BOCC to fund museum building

Mark Taylor
mtaylor@gardnernews.com
The Johnson County Commission will finance the purchase of a new Johnson County Museum building with debt proceeds rather than reserves.
Commissioners approved the purchase of a 70,000 square foot building at 8788 Metcalf Ave. on Nov. 17 to house the museum and directed staff to review financing options, including general fund reserves, debt, or a combination of the two.
On Dec. 1, staff recommended issuing debt for the $2 million purchase of the property and an additional $1.3 million to stabilize the building’s condition until the museum is able to move in.
“Staff recommends that the county adopt this resolution allowing for project costs to be reimbursed by debt proceeds,” said Robin Symes, assistant budget director. “Staff also recommends entering into a three-year lease arrangement with a local bank with the ability to prepay after September 2012.”
The building was built in the late 1950s and formerly housed a bowling alley and ice skating rink.
Commissioners were told last month that purchasing the building rather than building a new one would save the county between $3.9 million and $9.3 million.
Joe Waters, director of facilities said the museum’s current location is partially unusable because of recent water damage from flooding.
He also added that the museum is in need of additional space.

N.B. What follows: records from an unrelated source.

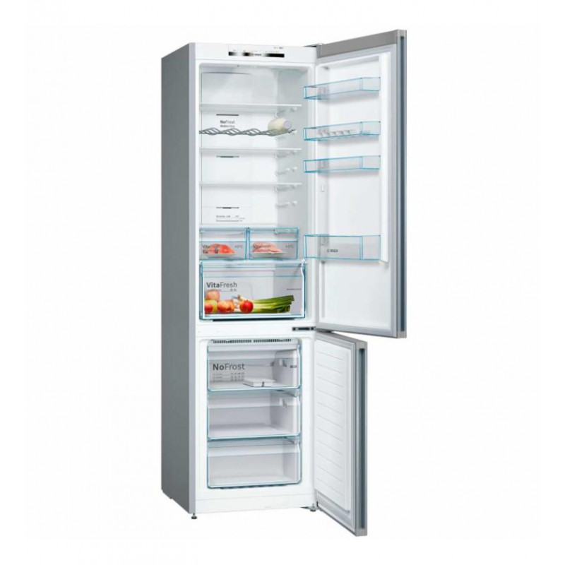 El frigorífico combi Bosch KGN39VIDA es la solución ideal para aquellos que buscan un electrodoméstico eficiente, espacioso y con las últimas innovaciones en conservación de alimentos. Con una capacidad neta total de 400 litros, distribuidos en 279 litros para el frigorífico y 87 litros para el congelador, ofrece amplio espacio para todas tus compras.
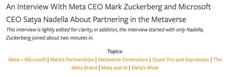 This other interview with Zuckerberg and Microsoft’s Satya Nadella with Ben Thompson of Stratechery last month lends itself to the same conclusion. Towards the end of the interview, Zuckerberg specifically and repeatedly mentions how they are approaching the Metaverse more from the social and consumer angle; rather than an enterprise angle. In the second-half of this interview (after Nadella leaves midway through), Zuckerberg provides extremely well fleshed-out answers to Ben’s questions about how the Metaverse will look like. Some of the topics discussed include:
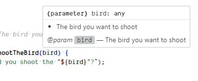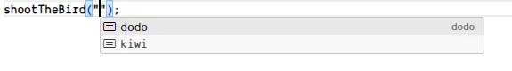 })Now we’ve confirmed this object is an enum while further specifying that it consists of two valid string-values. There's a weird duality in this configuration where defining something as being @type {BIRDS} will evaluate to one of two string, yet using the BIRDS instance will still happily code-hint it's two keys too, for instance BIRDS.DODO.
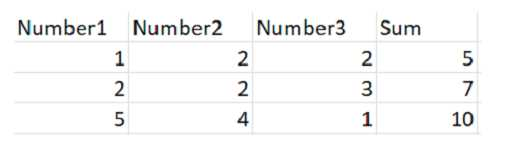 Update the existing rows in the Excel file to include a value for Number3 and adjust the value of Sum accordingly. For example, if Number1 is 1, Number2 is 2, and Number3 is 3, then Sum should be 6.
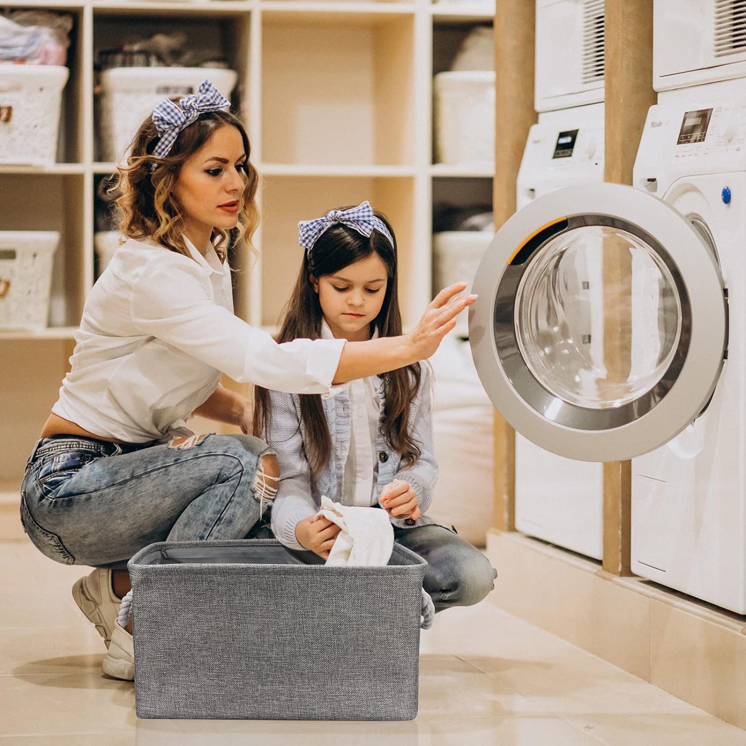 - CARE TIP - Collapsible design for space saving, before use to get the wrinkles out the fabric storage bin: either stuff the fabric storage cubes with blankets and pillows for a few days and the baskets will take the shape , or steam iron them at low-heat setting; dusting the basket with a soft dry cloth is recommended. Spot clean with light soapy water when needed. Not recommended to machine wash for there are metal frame.
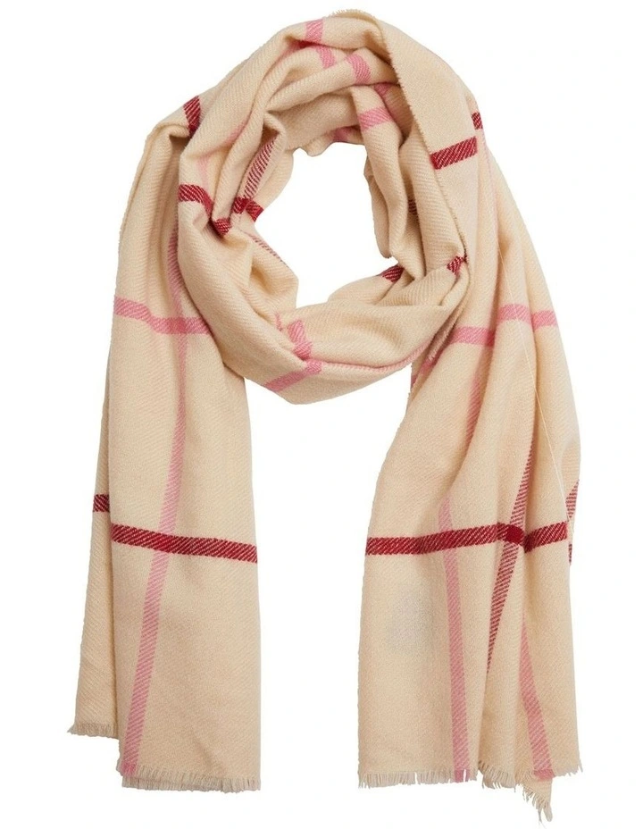 Rug up in style this winter with the Mina Woven Check Scarf. This cute and cosy scarf is crafted from a soft woven fabric in a natural spice colourway with a check pattern with a twisted end fringe.

Mindi Love, director of the museum, told commissioners last month that the building is a familiar architectural landmark with abundant space and easy access for visitors.
“It is the perfect fit for a new home for the museum,” Love said.
Love added that the county would be contributing to a revitalization of Metcalf Avenue by purchasing and preserving the historic building.
Two other familiar landmarks on Metcalf, the White Haven Motor Lodge and Glenwood Theater, were razed in recent years.
“(The building) most likely would not be kept in tact if purchased by another buyer,” Love said.
Love said the building has enough space to eventually house a future National Museum of Suburbia.